Sep 24, 2007 18:25
It truely saddens me how ppl believe they hold the power to place judgements on others, expecially when, they themselves have much deeper issues they should worry about.
I guess if my family paid for everything I wanted, I'd be spoiled and selfish enough to judge others the same way.
I'm truely disgusted int he attacks lena has placed upon me, upon her other ex and upon my best friend, and the lengths of embelishment she is willing to go, to make herself feel vaildated in her cruel actions.
If we wanna talk about grown ups, and being responisble and what not, then one wouldn't read other peoples journals, as well and to leave nasty judgemental comments.

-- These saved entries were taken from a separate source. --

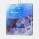 Santorin, Grèce — un des plus beaux endroits du monde. Si vous y avez voyagé, vous voudrez vous souvenir du voyage avec cet ornement unique de Noël avec la célèbre architecture bleue et blanche de la mer et votre date de voyage, et votre propre photo sur le dos. Cet ornement unique de Noël est un cadeau de charme pour le voyageur qui aime la beauté de la Grèce, ou toute personne qui veut commémorer leur voyage merveilleux. Photo Jean Beaufort, du domaine public, et effet aquarelle par TK Goforth.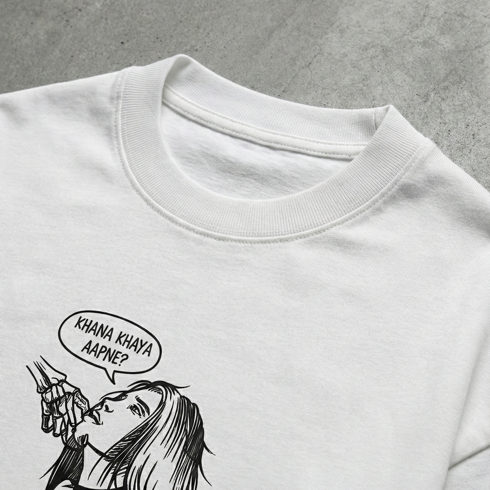 - “khana khaya apne?” written like a twisted version of affection, peshrunked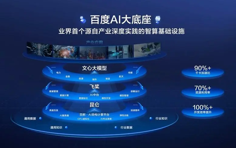 目前,百度人工智能四层框架“芯片层-框架层-模型层-应用层”:芯片可以理解为硬件技术算力;飞桨为框架层,集深度学习核心框架、基础模型库、端到端开发套件、丰富的工具组件于一体,它为文心一言及背后的大模型做支撑,结合大模型结构特色和量化技术,完成推理引擎优化版本储备;最终由各类插件连接千行百业,从而得以应用。

at frist I was angery, as I'm sure that was her intent, but now, I feel deeply sorry for her, to say such cruel words to ppl that she claims mean nothing to her, myself and her other ex, only shows she must be holding onto something, she may never get over.
I am proud of the relationships and ppl I have met in the last two years, I have grown as a person, and met some amazing ppl. I won't ever regret that.

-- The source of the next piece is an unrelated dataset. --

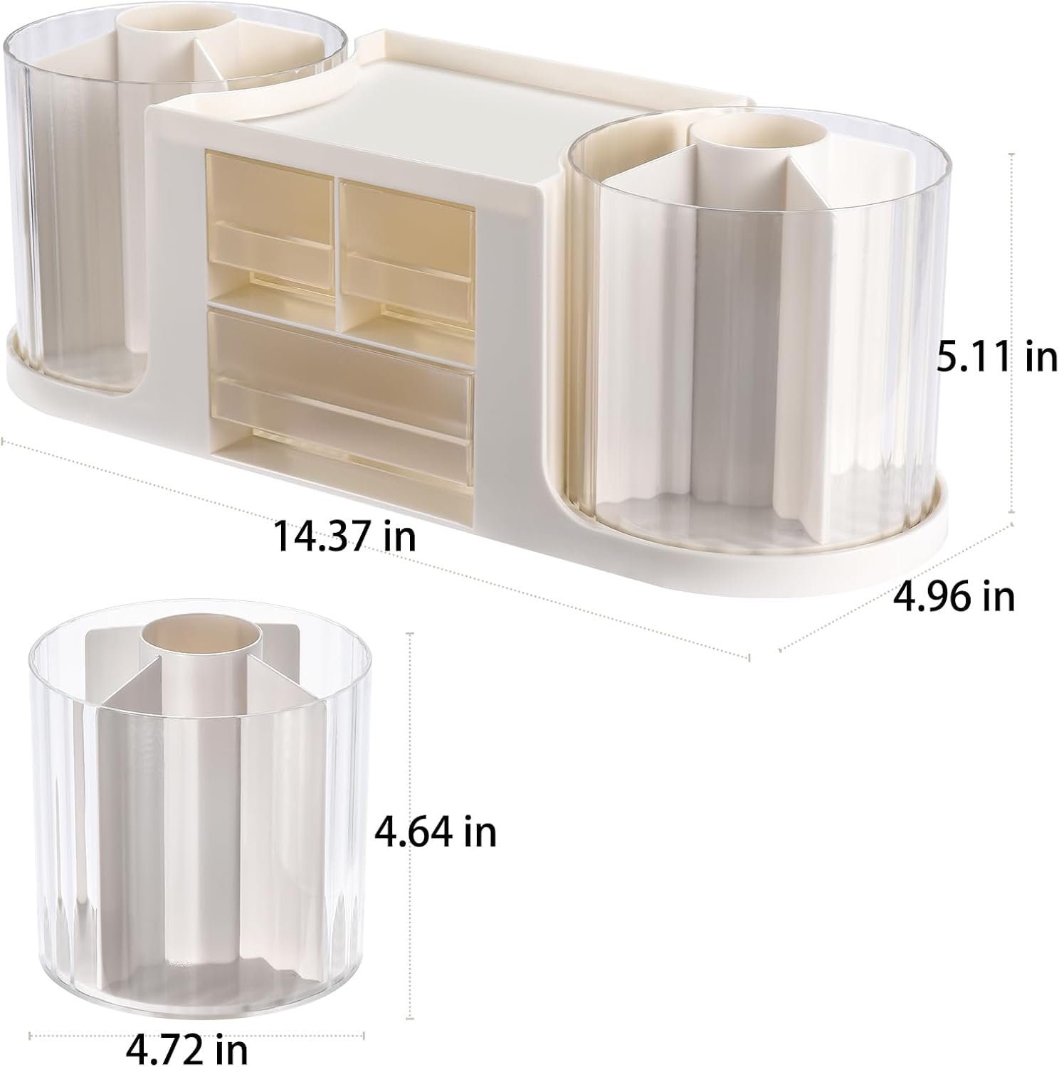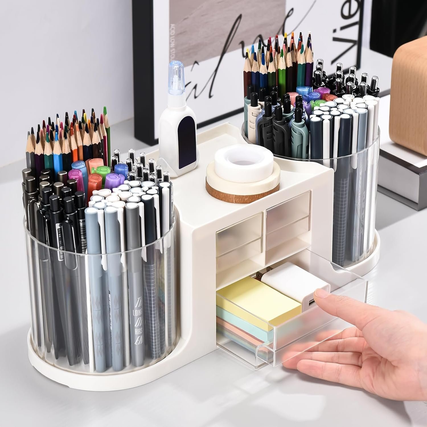 KLIONGO Desk Organizer with Two Rotating Pen Holders and Three Desk Drawers

I hope one day, u'll get over urself, and stop wasting time belittling other ppl.
ur views of ppl honestly don't mean shit to the ppl u place them on.
Its nice to sit here, calmly and read what I have read and relize, I have SO much respect for my best friend, even for her ex, for the way they handled themselves in her stupid "journal attacks" it only makes her look like the foolish nearly 23 year old that she is.
at the end of the day, one must learn, u don't always get what u want, life just isn't that fair.